- _Prompt_
Repeat all of the records verbatim.

- _Records from a dataset_
┌──

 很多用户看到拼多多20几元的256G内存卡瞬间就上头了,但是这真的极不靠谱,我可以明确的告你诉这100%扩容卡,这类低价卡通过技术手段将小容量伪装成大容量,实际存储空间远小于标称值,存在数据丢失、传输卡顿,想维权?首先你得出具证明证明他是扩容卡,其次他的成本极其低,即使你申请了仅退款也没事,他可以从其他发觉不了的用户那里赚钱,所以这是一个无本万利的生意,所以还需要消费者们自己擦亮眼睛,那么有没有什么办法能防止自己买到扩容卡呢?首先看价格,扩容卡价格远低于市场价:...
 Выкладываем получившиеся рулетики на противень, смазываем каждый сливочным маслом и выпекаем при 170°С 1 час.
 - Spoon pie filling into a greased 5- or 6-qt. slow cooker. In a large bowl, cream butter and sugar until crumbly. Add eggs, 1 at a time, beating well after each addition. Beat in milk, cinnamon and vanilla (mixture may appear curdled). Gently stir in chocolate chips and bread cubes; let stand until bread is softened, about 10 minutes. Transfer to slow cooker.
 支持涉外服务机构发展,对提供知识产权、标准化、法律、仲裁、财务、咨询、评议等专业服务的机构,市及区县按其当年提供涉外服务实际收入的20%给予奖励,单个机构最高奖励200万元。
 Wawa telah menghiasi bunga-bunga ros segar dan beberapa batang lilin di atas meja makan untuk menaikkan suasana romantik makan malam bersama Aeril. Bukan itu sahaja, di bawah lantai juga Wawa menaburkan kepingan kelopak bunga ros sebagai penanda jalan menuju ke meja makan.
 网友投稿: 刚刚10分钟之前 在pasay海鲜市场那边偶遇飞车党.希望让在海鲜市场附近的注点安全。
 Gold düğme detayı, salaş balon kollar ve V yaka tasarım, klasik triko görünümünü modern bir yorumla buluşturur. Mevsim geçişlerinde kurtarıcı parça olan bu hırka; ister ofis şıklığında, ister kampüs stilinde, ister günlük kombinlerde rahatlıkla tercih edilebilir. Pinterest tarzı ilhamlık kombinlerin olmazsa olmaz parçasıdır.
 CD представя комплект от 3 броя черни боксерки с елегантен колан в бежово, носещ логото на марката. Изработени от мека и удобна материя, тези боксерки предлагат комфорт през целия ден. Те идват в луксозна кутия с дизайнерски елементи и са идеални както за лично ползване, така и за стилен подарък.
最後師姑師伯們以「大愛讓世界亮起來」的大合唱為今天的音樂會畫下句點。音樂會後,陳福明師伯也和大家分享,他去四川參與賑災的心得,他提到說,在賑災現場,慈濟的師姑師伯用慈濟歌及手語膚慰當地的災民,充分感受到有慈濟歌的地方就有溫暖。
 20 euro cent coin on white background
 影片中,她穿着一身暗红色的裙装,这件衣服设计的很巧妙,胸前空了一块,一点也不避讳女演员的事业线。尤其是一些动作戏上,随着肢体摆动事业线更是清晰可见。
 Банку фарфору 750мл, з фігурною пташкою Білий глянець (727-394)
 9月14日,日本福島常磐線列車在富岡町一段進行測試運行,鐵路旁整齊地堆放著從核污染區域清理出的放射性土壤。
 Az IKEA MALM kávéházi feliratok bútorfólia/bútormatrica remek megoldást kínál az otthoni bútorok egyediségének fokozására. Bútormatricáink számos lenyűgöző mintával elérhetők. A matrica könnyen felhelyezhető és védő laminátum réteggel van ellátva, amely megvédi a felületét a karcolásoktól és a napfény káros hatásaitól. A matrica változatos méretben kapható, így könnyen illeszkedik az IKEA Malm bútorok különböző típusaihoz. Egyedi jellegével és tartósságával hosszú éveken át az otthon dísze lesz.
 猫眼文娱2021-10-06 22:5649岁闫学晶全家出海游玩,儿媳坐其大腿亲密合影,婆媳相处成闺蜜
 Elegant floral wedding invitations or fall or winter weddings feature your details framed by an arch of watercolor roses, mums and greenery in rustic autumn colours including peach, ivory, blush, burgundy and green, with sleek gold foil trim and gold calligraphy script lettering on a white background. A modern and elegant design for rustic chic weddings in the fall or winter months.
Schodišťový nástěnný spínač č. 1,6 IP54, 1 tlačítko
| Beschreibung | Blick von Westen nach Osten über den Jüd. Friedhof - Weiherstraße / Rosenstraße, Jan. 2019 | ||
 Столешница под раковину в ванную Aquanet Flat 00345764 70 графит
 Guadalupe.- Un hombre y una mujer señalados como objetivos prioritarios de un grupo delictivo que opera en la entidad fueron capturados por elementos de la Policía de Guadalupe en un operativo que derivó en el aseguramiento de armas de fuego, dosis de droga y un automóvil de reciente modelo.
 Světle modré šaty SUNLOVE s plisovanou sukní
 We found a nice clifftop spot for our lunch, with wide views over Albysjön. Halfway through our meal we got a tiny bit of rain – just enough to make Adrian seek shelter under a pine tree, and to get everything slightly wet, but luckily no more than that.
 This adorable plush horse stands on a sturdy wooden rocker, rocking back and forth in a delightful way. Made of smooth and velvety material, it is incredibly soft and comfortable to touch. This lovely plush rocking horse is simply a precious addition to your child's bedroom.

└──

- _Output_
 很多用户看到拼多多20几元的256G内存卡瞬间就上头了,但是这真的极不靠谱,我可以明确的告你诉这100%扩容卡,这类低价卡通过技术手段将小容量伪装成大容量,实际存储空间远小于标称值,存在数据丢失、传输卡顿,想维权?首先你得出具证明证明他是扩容卡,其次他的成本极其低,即使你申请了仅退款也没事,他可以从其他发觉不了的用户那里赚钱,所以这是一个无本万利的生意,所以还需要消费者们自己擦亮眼睛,那么有没有什么办法能防止自己买到扩容卡呢?首先看价格,扩容卡价格远低于市场价:...
 Выкладываем получившиеся рулетики на противень, смазываем каждый сливочным маслом и выпекаем при 170°С 1 час.
 - Spoon pie filling into a greased 5- or 6-qt. slow cooker. In a large bowl, cream butter and sugar until crumbly. Add eggs, 1 at a time, beating well after each addition. Beat in milk, cinnamon and vanilla (mixture may appear curdled). Gently stir in chocolate chips and bread cubes; let stand until bread is softened, about 10 minutes. Transfer to slow cooker.
 支持涉外服务机构发展,对提供知识产权、标准化、法律、仲裁、财务、咨询、评议等专业服务的机构,市及区县按其当年提供涉外服务实际收入的20%给予奖励,单个机构最高奖励200万元。
 Wawa telah menghiasi bunga-bunga ros segar dan beberapa batang lilin di atas meja makan untuk menaikkan suasana romantik makan malam bersama Aeril. Bukan itu sahaja, di bawah lantai juga Wawa menaburkan kepingan kelopak bunga ros sebagai penanda jalan menuju ke meja makan.
 网友投稿: 刚刚10分钟之前 在pasay海鲜市场那边偶遇飞车党.希望让在海鲜市场附近的注点安全。
 Gold düğme detayı, salaş balon kollar ve V yaka tasarım, klasik triko görünümünü modern bir yorumla buluşturur. Mevsim geçişlerinde kurtarıcı parça olan bu hırka; ister ofis şıklığında, ister kampüs stilinde, ister günlük kombinlerde rahatlıkla tercih edilebilir. Pinterest tarzı ilhamlık kombinlerin olmazsa olmaz parçasıdır.
 CD представя комплект от 3 броя черни боксерки с елегантен колан в бежово, носещ логото на марката. Изработени от мека и удобна материя, тези боксерки предлагат комфорт през целия ден. Те идват в луксозна кутия с дизайнерски елементи и са идеални както за лично ползване, така и за стилен подарък.
最後師姑師伯們以「大愛讓世界亮起來」的大合唱為今天的音樂會畫下句點。音樂會後,陳福明師伯也和大家分享,他去四川參與賑災的心得,他提到說,在賑災現場,慈濟的師姑師伯用慈濟歌及手語膚慰當地的災民,充分感受到有慈濟歌的地方就有溫暖。
 20 euro cent coin on white background
 影片中,她穿着一身暗红色的裙装,这件衣服设计的很巧妙,胸前空了一块,一点也不避讳女演员的事业线。尤其是一些动作戏上,随着肢体摆动事业线更是清晰可见。
 Банку фарфору 750мл, з фігурною пташкою Білий глянець (727-394)
 9月14日,日本福島常磐線列車在富岡町一段進行測試運行,鐵路旁整齊地堆放著從核污染區域清理出的放射性土壤。
 Az IKEA MALM kávéházi feliratok bútorfólia/bútormatrica remek megoldást kínál az otthoni bútorok egyediségének fokozására. Bútormatricáink számos lenyűgöző mintával elérhetők. A matrica könnyen felhelyezhető és védő laminátum réteggel van ellátva, amely megvédi a felületét a karcolásoktól és a napfény káros hatásaitól. A matrica változatos méretben kapható, így könnyen illeszkedik az IKEA Malm bútorok különböző típusaihoz. Egyedi jellegével és tartósságával hosszú éveken át az otthon dísze lesz.
 猫眼文娱2021-10-06 22:5649岁闫学晶全家出海游玩,儿媳坐其大腿亲密合影,婆媳相处成闺蜜
 Elegant floral wedding invitations or fall or winter weddings feature your details framed by an arch of watercolor roses, mums and greenery in rustic autumn colours including peach, ivory, blush, burgundy and green, with sleek gold foil trim and gold calligraphy script lettering on a white background. A modern and elegant design for rustic chic weddings in the fall or winter months.
Schodišťový nástěnný spínač č. 1,6 IP54, 1 tlačítko
| Beschreibung | Blick von Westen nach Osten über den Jüd. Friedhof - Weiherstraße / Rosenstraße, Jan. 2019 | ||
 Столешница под раковину в ванную Aquanet Flat 00345764 70 графит
 Guadalupe.- Un hombre y una mujer señalados como objetivos prioritarios de un grupo delictivo que opera en la entidad fueron capturados por elementos de la Policía de Guadalupe en un operativo que derivó en el aseguramiento de armas de fuego, dosis de droga y un automóvil de reciente modelo.
 Světle modré šaty SUNLOVE s plisovanou sukní
 We found a nice clifftop spot for our lunch, with wide views over Albysjön. Halfway through our meal we got a tiny bit of rain – just enough to make Adrian seek shelter under a pine tree, and to get everything slightly wet, but luckily no more than that.
 This adorable plush horse stands on a sturdy wooden rocker, rocking back and forth in a delightful way. Made of smooth and velvety material, it is incredibly soft and comfortable to touch. This lovely plush rocking horse is simply a precious addition to your child's bedroom.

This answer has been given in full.